Technical Aspects of Big Data
中文版:大数据技术层面
This lecture covers domain-specific big data applications and the core Hadoop ecosystem for storage, processing, and analytics.
Big Data Applications
Businesses across all industries have benefited from adopting big data solutions.
Cross-Industry Use Cases
| Industry | Application |
|---|---|
| Banking & Securities | Credit/debit card fraud detection, securities fraud warnings, credit risk reporting, customer data analytics |
| Healthcare | Storing patient data and analyzing it to detect medical ailments at an early stage |
| Marketing | Analyzing customer purchase history to reach the right customers for newly launched products |
| Web Analysis | Analyzing social media and search engine data to broadcast advertisements based on user interests |
| Call Centers | Identifying recurring problems and staff behavior patterns by capturing and processing call content |
| Agriculture | Sensors used by biotechnology firms to optimize crop efficiency; big data analyzes sensor data |
| Smartphones | Facial recognition for unlocking phones and retrieving stored information about a person |
Manufacturing Industry
- Machine Diagnosis & Prognosis: Predicting machine performance by analyzing current operating conditions and deviations from normal conditions. Sensors monitor temperature and vibration levels. Diagnostic systems integrate with cloud-based storage and big data analytics backends.

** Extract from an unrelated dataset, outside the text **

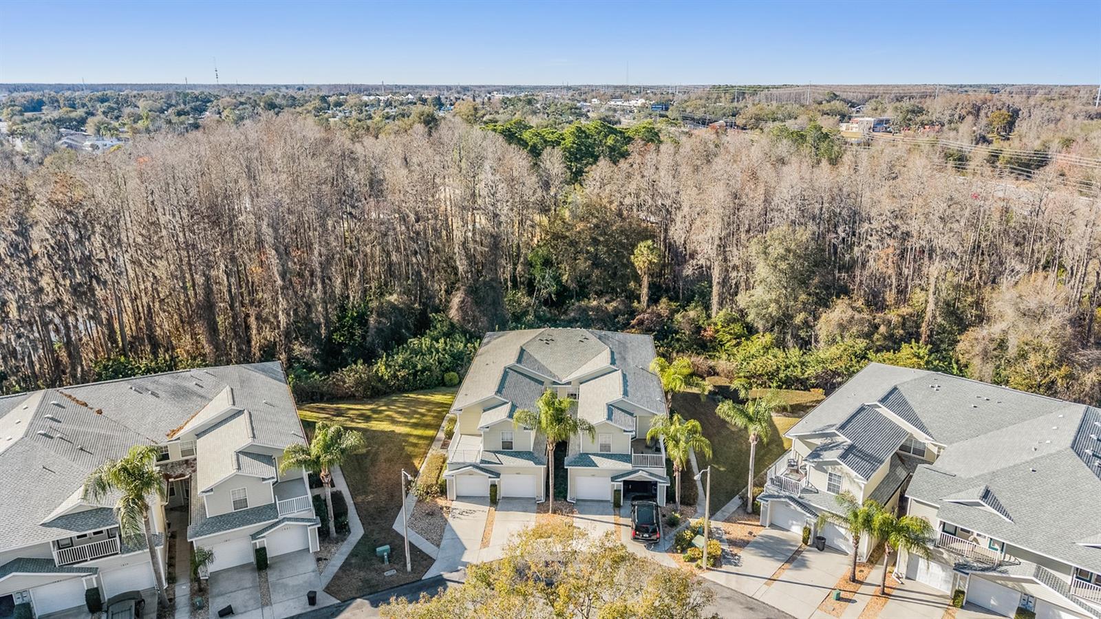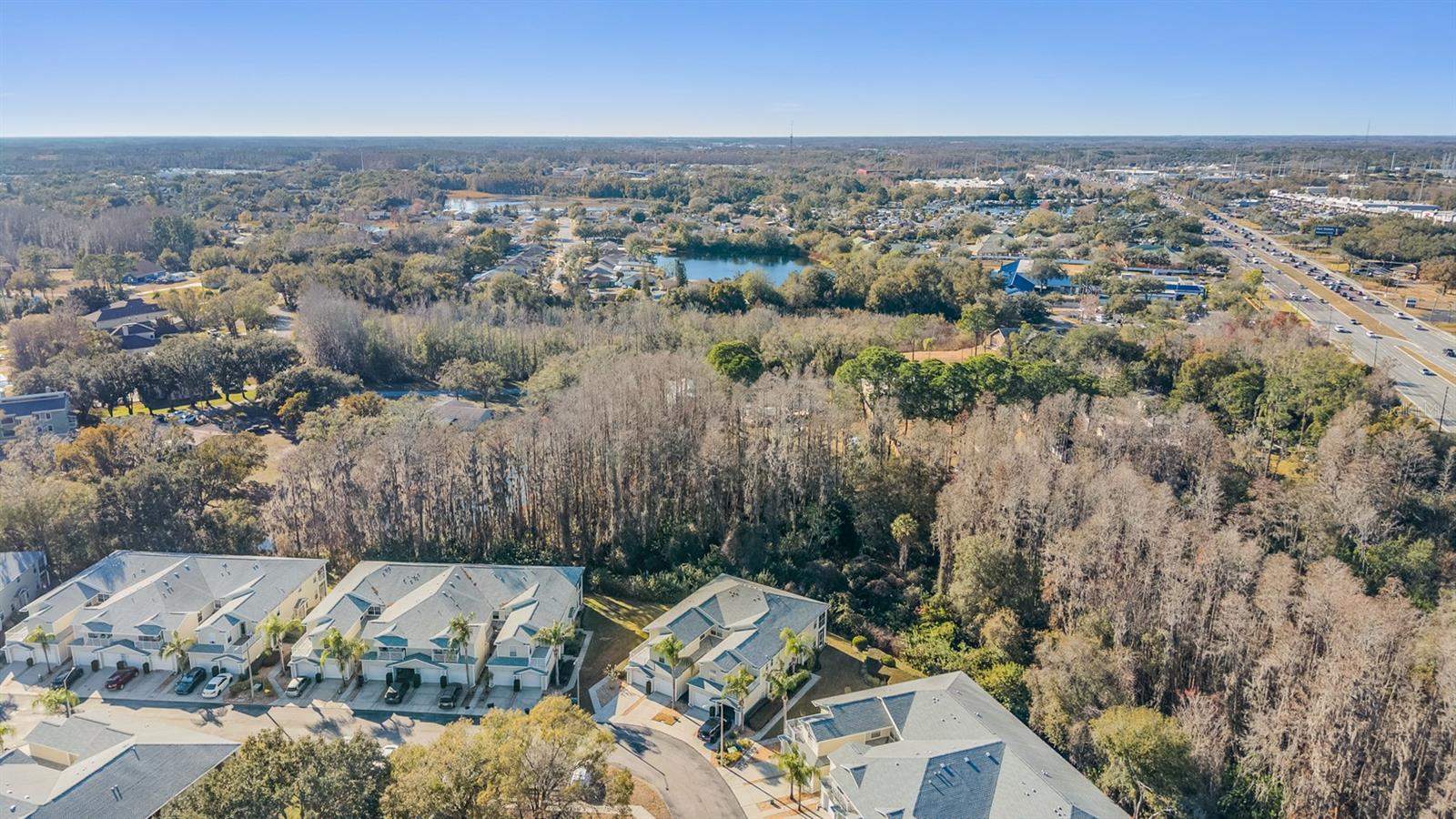 Welcome to effortless Florida living in the gated community of Lakes at Heron Cove. This stylish, well-maintained first-floor 2-bedroom, 2-bath condo offers 1,233 square feet of thoughtfully designed living space along with a 1-car attached garage—a rare find at this price point. The desirable split-bedroom floor plan provides privacy and comfort, while the open living areas are ideal for everyday living and entertaining. Step outside to your private screened lanai, where tranquil conservation views create the perfect backdrop for morning coffee or evening relaxation as local wildlife passes by. Inside, the kitchen is both functional and inviting, featuring wood cabinetry, ample counter space, a breakfast bar, closet pantry, and modern appliances. The spacious primary suite (15x13) includes a walk-in closet with custom organizer and an en-suite bath with dual vanities, a walk-in shower, and a private water closet. Tile flooring anchors the main living areas, while plush carpeted bedrooms offer warmth and comfort. Recent updates add peace of mind, including HVAC replaced in 2020 and a new roof completed by the association in 2021. Enjoy NO CDD fees and a low monthly COA of just $375, making this an affordable and low-maintenance option. Community amenities elevate the lifestyle: a sparkling resort-style pool, clubhouse, scenic walking paths, and direct access to 54-acre Lake Bird with a boat ramp and fishing dock—perfect for small boats, kayaks, or peaceful afternoons by the water. Tucked away behind mature trees yet conveniently located off Hwy 54, this community offers easy commuting with quick access to I-275, shopping, dining, and entertainment just minutes away. USF, Moffitt Cancer Center, and Downtown Tampa are all within a 20–30 minute drive.

- Risk Analysis of Industrial Operations: Monitoring indoor air quality using gas sensors (CO, NO, NO₂). Big data systems analyze risks and identify hazardous zones.
- Production Planning and Control: Systems measure various production process parameters and control the entire process in real-time using sensors. Big data analyzes this data for planning and identifying potential problems.
Civil Infrastructure
- Structural Health Monitoring: Networks of sensors monitor vibration levels in bridges and buildings. Analyzing this data can detect cracks, locate damages, calculate remaining life, and provide advance warnings of imminent failures.
Transportation & Smart Cities
- Smart Roads: Sensors provide information on driving conditions, travel time estimates, and alerts for poor conditions, traffic congestion, and accidents. Information is communicated via Internet to cloud-based analytics applications and disseminated to drivers.
Healthcare Industry
- Epidemiological Surveillance: Studying distribution and determinants of health-related states in populations. Electronic Health Record (EHR) systems include laboratory results, diagnostic, treatment, and demographic data. Big data frameworks integrate multiple EHR systems for predicting outbreaks, population-level surveillance, disease detection, and public health mapping.
Finance Industry
- Credit Risk Modeling: Scoring credit applications and predicting borrower default. Models are built from credit scores, credit history, account balances, transactions, and spending patterns. Big data systems compute credit risk scores for large numbers of customers regularly.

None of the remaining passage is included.